When is it useful to solve an optimization problem inside a Jupyter Notebook? When is it not?
What are the advantages/disadvantages?
When is it useful to solve an optimization problem inside a Jupyter Notebook? When is it not?
What are the advantages/disadvantages?
TLDR: Jupyter Notebooks are a nice tool for proof of concepts (early stages of a project) + playing around + for teaching purposes (tutorials). They should not be used for industrial production. Another way of saying this is that they are good for calling code (I like the term "interactive whitepaper" used by @Reinderien), not for coding.
Jupyter Notebooks allow having your inputs (data), your model, your optimization algorithm and your outputs in one same ecosystem. This makes the whole modeling + solving process relatively smooth (if all these elements are not too big). It is nice to be able to see your raw data before optimization (e.g. a network), followed by the optimized solution (e.g. optimized vehicle routes over the network), without having to change tools/environments. With all the existing libraries, it is easy to plot the structured data with your favorite (or the most relevant) chart, with very little code. This is useful for comparing what if scenarios, changing assumptions, playing around with your model's parameters and visualizing the impact. Jupyter Notebooks are thus a good tool to play around with, to tell a story or for a proof of concept. Last but not least, notebooks are a nice tool for tutorials.
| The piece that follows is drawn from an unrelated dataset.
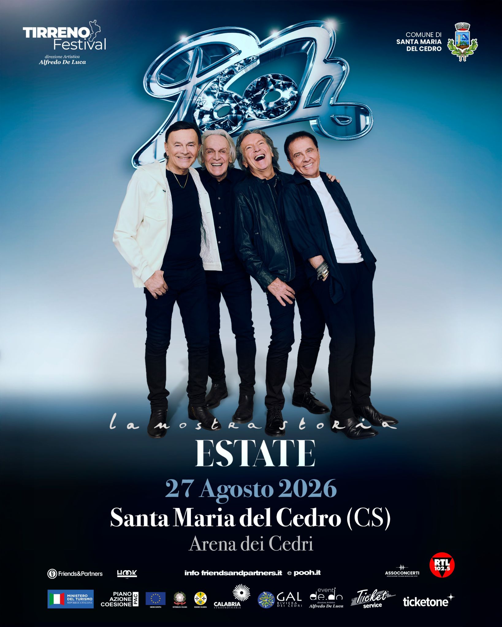 La tappa calabrese si terrà il 27 agosto 2026 presso il nuovo auditorium di Santa Maria del Cedro, dove la band proporrà il live “POOH 60 – La nostra storia – Estate”, inserito nel ricco calendario del Tirreno Festival. Qui i fan potranno vivere l’emozione di un concerto dedicato ai sessant’anni di successi, tra grandi classici e momenti indimenticabili, in una cornice suggestiva affacciata sul mare.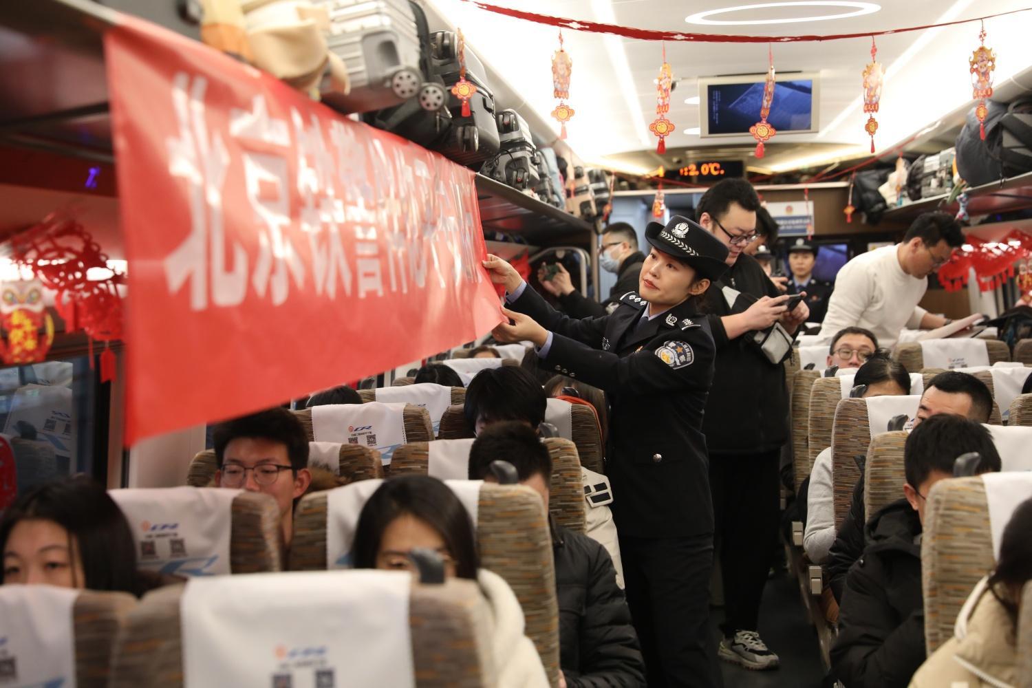 站臺上,由北京西開往哈爾濱西的G935次列車已準備就緒,車廂內(nèi)喜慶的拉花、火紅的窗花,將整個車廂裝點得年味十足。一條“北京鐵警伴您平安出行”的橫幅揭開了此次列車上慶小年的主題。

Jupyter Notebooks are not suitable for production. Maintenance, testing etc. should be done in some other environment. If the code is too dense, the notebook becomes impractical, hard to read, and perhaps slow to run. Although programming in an object oriented fashion can be done in a notebook, it is not the environment to do so. The notebook is more of an interactive place where you call some other code from somewhere else (e.g. a library, or the core of your code).
The only use case where I find notebooks to be suitable is as an "interactive whitepaper" where explanatory formatted prose can be nicely interspersed with graphical content, equations, etc., and if you're lucky, easily rendered to HTML. If you intend on demonstrating a concept in academia, or as part of presenting a commercial design investigation, etc., then notebooks can be suitable.
In all other cases - even (dare I say especially) for prototyping - stay far, far away. Typical - though not strictly necessary - in notebooks is a vast swamp of global state with no functions, no modules, and no scope. Surprise side-effects, symbol conflicts, scope pollution and poor memory management abound. Languages like Python offer functions and classes for a reason. Flattening out a script makes design and debugging a nightmare, even at the very beginning of a project. If I had to paint with a stereotypical brush the worst academic code I've ever seen, it's in a notebook-style single script with no scope, no functions, no tests, and a list of global variables as long as my arm.
matplotlib calls. As for raw speed of development, speed needs to be considered in aggregate - what's faster - writing a bunch of bad code really fast and then needing to re-write it all, or writing maintainable code off the hop?
– Reinderien
Jan 04 '24 at 14:10
I want to expand on the point by @kuifje, based on your comments on their answer. I know your library (OptaPlanner, now Timefold) from back when I was working with jsprit a lot.
Notebooks might be basically forced on individuals in environments like Databricks. In that case, I don't have a choice but to work with some kind of notebook, which is essentially jupyter. However, I hate them. As to when I would start a project in python "proper" (making it an installable package) -> immediately if possible.
They work for POCs to some extent but there is an underlying ipython kernel that stores previous values in RAM and it can lead to really confusing bugs if things get re-named or transformed between cells. The continuity of the code is terrible to follow during development, and just laborious.
When I wanted to draw on jsprit, I wrapped the whole thing in Spring Boot and made my own RESTful API with it self-hosted.
Such things are not necessarily possible in corporate setups that use things like Databricks, but I'd take the API any day if I could and just run the systems myself.